Sometimes it takes a village. Or in this case, a community, and that’s what this lovely lot from the San Ignacio area of Cajamarca represents. Five farmer- producers (neighbors and family members) have brought their coffee— dried to parchment stage—to the collection center nearest them, either Nuevo Progreso or Señor Cauivo farmhouses. That’s the basic story. But for Arquimedes, Carmen, Derlys, Florentino and Flor Elina, reality goes much deeper.
Arquimededes says, “I was born in Pacaypamba in the Piura region, I came to work in San Ignacio 20 years ago with my wife. After working and saving, I bought a small coffee farm. and for 15 years I have been dedicated to the production of coffee.” The couple currently has 2 coffee plots and 3 children.

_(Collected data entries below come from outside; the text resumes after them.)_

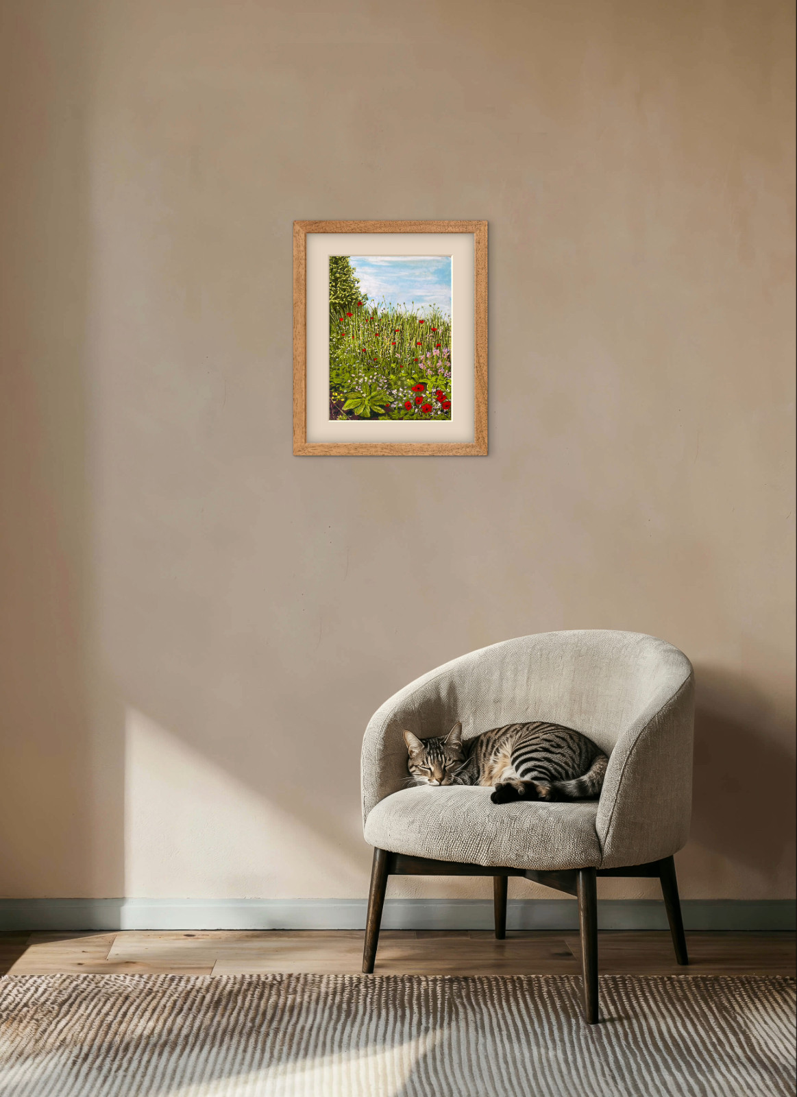 Lucca Botanic Gardens, an enchanting, cool refuge. This painting shows the pond with lilles and reflections.
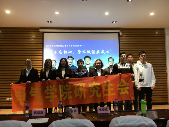 在新楚楼北230举行研究生学习十九大系列活动—“不忘初心,学术诚信在我心”主题演讲比赛。出席本次活动的嘉宾有我院研究生辅导员许海燕老师、电机电器研究生党支部书记黄李威同学以及曾在校演讲比赛中表现优异的陈韬珉同学。比赛由2017级硕士研究生黄炎尧主持。
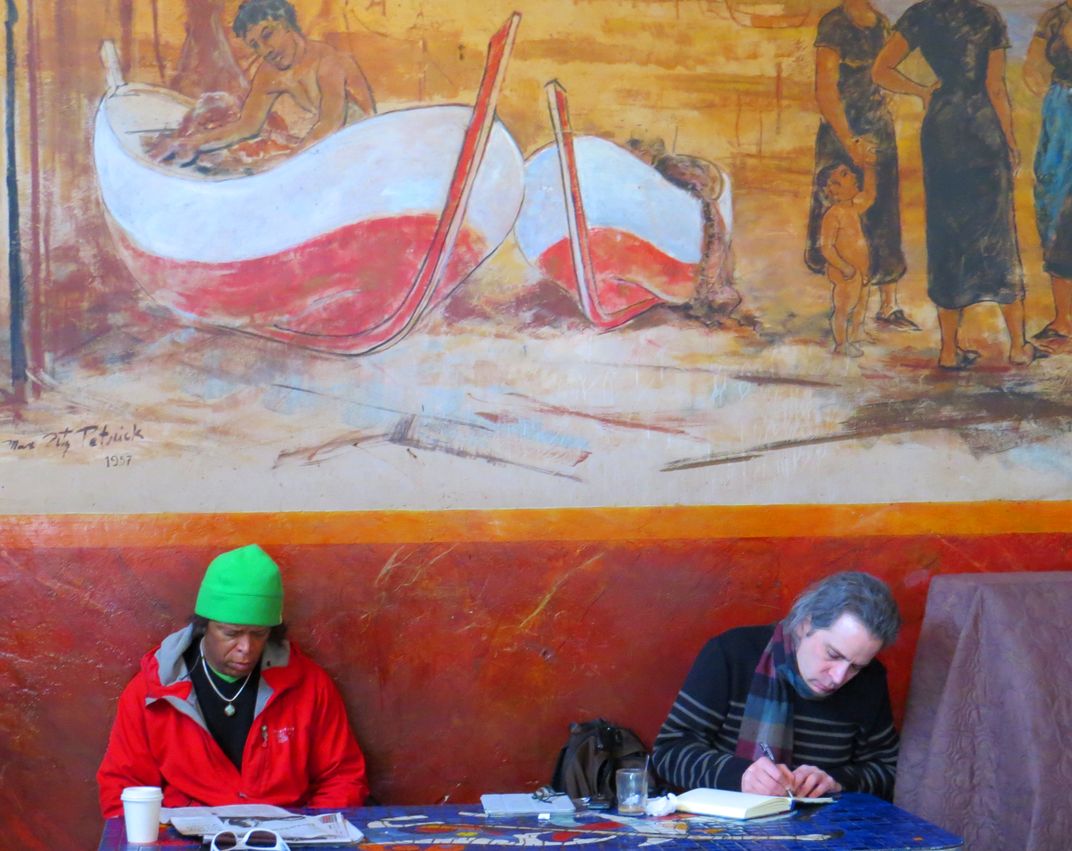 An interesting photo of opposites. Two men in the historical landmark... Cafe Trieste in San Francisco where Francis Ford Coppola wrote The Godfather screenplay. One is reading, one is writing, one is African American, one is Caucasian, one is in bright colors, one is in dark clothing.

Derlys came to San Ignacio with his parents when he was very young, and grew up working on the family coffee farm. Now he and his wife are raising their two little girls in the area, both of whom are now in kindergarten.
And then there’s Carmen: Her farm, Los Milagritos (Little Miracles) has been part of how Carmen and her husband have supported their family, and enabled them to send their oldest son, Alex, to study for a technical degree.
Florentino Alberca Pêna came from Ayabaca to the province of San Ignacio in search of work, and learned how to produce coffee. He says, “I met my wife in this province and today we have 3 small children. We have had our own farm for 4 years now, which I bought with my savings from work.”
For Flor Elina, a 28-year-old single mom, growing, picking and processing coffee with her parents and also from her own .5 hectares, a plot she calls El Progreso (Progress), means that she is able to support her her 9-year-old son, Ander Jhoel, who studies at the local school. She also raises and sells guinea pigs to supplement her income.
Derlys, whose nanolot Catalyst Trade was thrilled to purchase this year as well, added his coffee expertise to his neighbors’ as well.
These are the real histories, and undergirding them is a whole lot of hard work—day after day spent in all kinds of weather cultivating, pruning, fertilizing, picking, processing and drying coffee. All are members of Programa Huellas— (Footsteps)—which enables them to mingle their stories and the unique terroir of their farms into beautiful washed lots like this one.